Written September 4, 2007
HONG KONNOR
How Now Brown Mao
Since my arrival here in Hong Kong about two weeks ago, I have been seeing a lot of someone who I thought to have been dead for over 30 years. For the most part he hangs out around public markets and tourist attractions, on trinkets and teeshirts, keychains and postcards. His name is Mao Tse-tung and he used to rule China.
Mao (pronounced Mow, not Mayo) is one of the most immediately recognizable people in China's history and his image, still hanging in Red Square , has become as popular among visiting Westerners as that of Bruce Lee taking a fighting position. Seeing his likeness so frequently and almost exclusively in these locations that are essentially Venus-fly-traps for tourists and bargain hunters makes one curious about the actual attitude of people towards this man. The local population either really likes Mao, or they really like beguiling unsuspecting tourists into wearing a terrifying dictator as they would wear Mickey Mouse (who is also very popular here).
I am woefully ignorant of Mao's history and leadership style, as I fear most Americans and other Western tourists must be, because I was taught he was a bad guy, but Mao shirts sell like hot cakes, and hot cakes sell like pornography. And we all know that pornography sells very, very well.
You don't often see a local wearing a shirt with his face; though not uncommon for a young girl or a visitor to have a bag with his image – Andy Warhol style, much like a young American might have one featuring Marilyn Monroe. It leads me to believe they're fucking with us.

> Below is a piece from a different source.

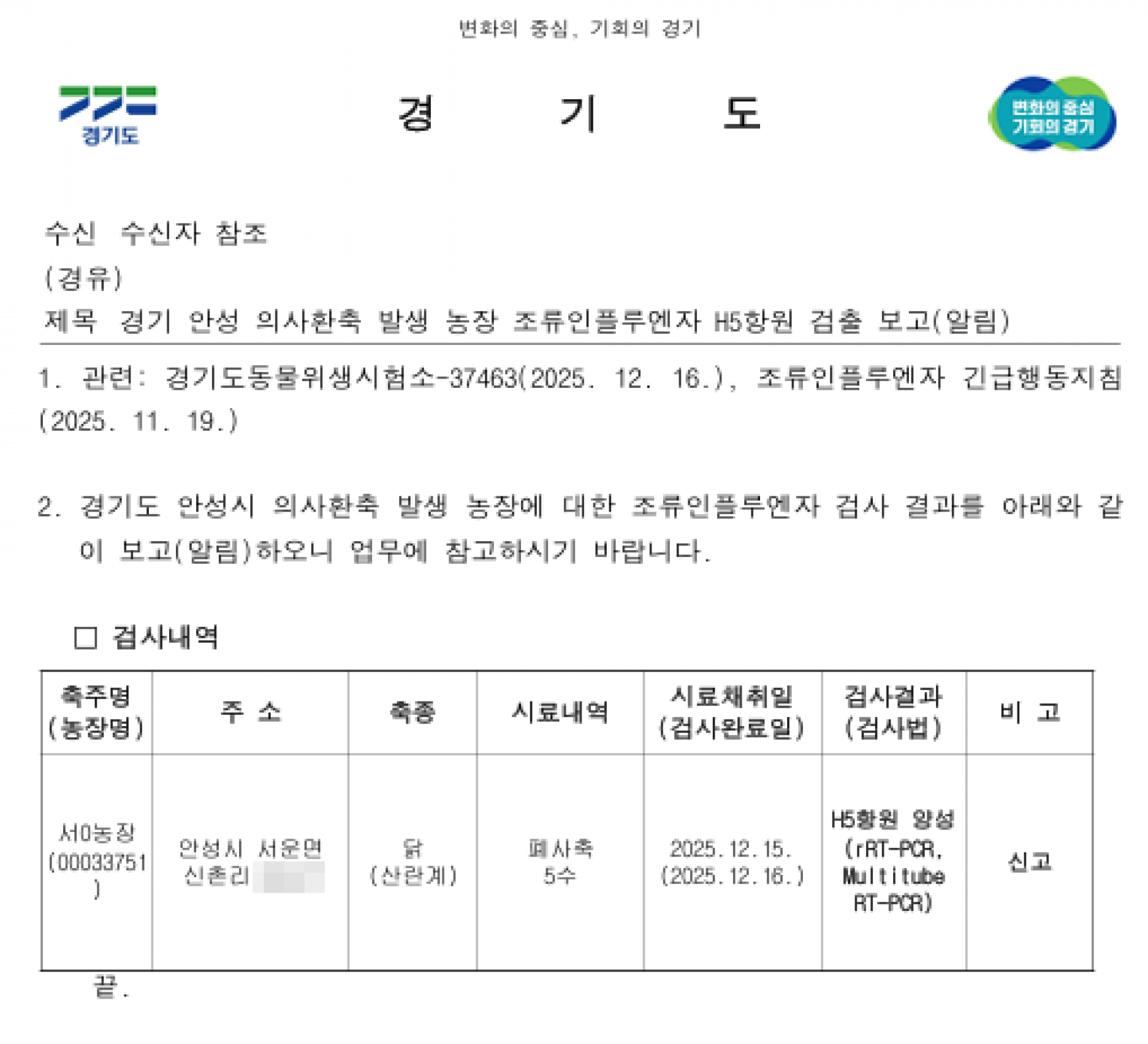 경기 안성 가금농장(산란계) 고병원성 AI 의사환축 발생에 따른 방역강화 조치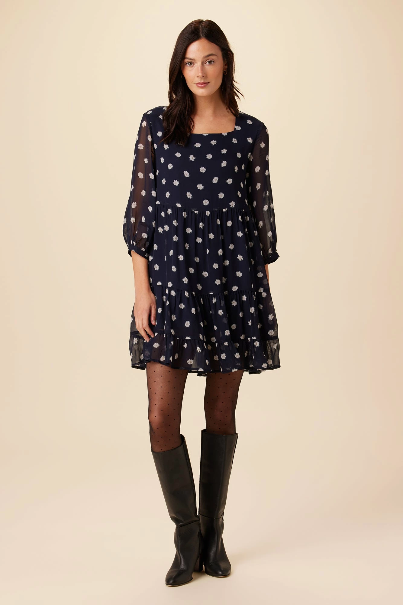- Your new favorite grab-and-go dress features a babydoll silhouette with an attached lining, tiered skirt and sheer sleeves with cuff detail.

I entered one market shop and really like the style of a particular Mao teeshirt, just a simple white and black profile with some red thrown in for good measure. And for Communism. In the same shop I found a brilliant Mao alarm clock, the art on the clockface worthy of a 70's action movie poster. The smiling Mao is glowing like the sun in the foreground, beams of light emanating from his glorious head of male-pattern-balding hair, giving a grand sweeping wave to the crowd. Behind him Red flags flap in the wind, Red armies march on the square and in the lower corner, a small boy in drab clothing, happily waves back at his passing hero, his arm, bent at the elbow, disjointedly ticking away with seconds while the soldiers goose step in time.
It looked 30 years old judging by the rust around its base. It was "Not old, new," according to the watchful woman keeping the shop. I tried to ask her if people like Mao, what their feelings are toward him, but she just keep telling me how much the clock cost.
Well, people must love Mao for such a clock to be available for purchase, and "New, not old" after all.
Like the Che Guevara shirts so widely peppered through out the closets of angsty young teens in the US and Canada, Mao shirts are beginning to infiltrate the culture here in Hong Kong and abroad. Many wear them. Few know what the men stood for. "For freedom!" they might tell you. "Independence!" Well yes, as did Ho Chi Minh, Jefferson Davis, Jim Jones, Bin Laden, Nelson Mandela. Freedom fighters and liberators to some, a scourge to others. Maybe not so much Nelson.
I was tired of my own ignorance on the subject so I purchased an exhaustively researched 900 page biography on the man they called the Chairman, which I plan to dog ear and mercilessly bend while I look him up on Wikipedia so that when I go back to that market, and purchase that shirt and alarm clock, I will know in my heart whether I am doing so with sincerity or in the name of irony. With 70 million plus people dead during his peacetime rule, I might have to say irony. It seems that wearing a Mao shirt to China would be akin to wearing a Hitler shirt to Poland or Germany. But what if Hitler had won?
The Chinese government maintains that he is a national hero, preserving his body for all to see in Tiananmen Square. The blood of countless millions spilled is the price a nation must pay to build a new empire. However, to those visiting tourists who do purchase some Mao-aphrenilia, I would suggest leaving it at home if you decide to go to the mainland. Perhaps, you have a drab gray workshirt and some dark trousers instead.
As for the people of Hong Kong who remained largely unmolested due to the protection of the British occupiers, I suspect their feeling towards Mao is one of slight apprehension and sincere gratitude that they have a photogenic figure on whom they can make a good buck, telling Westerners of his cultural hero position simply by putting him on a teeshirt and sitting him on the rack next to Bruce Lee.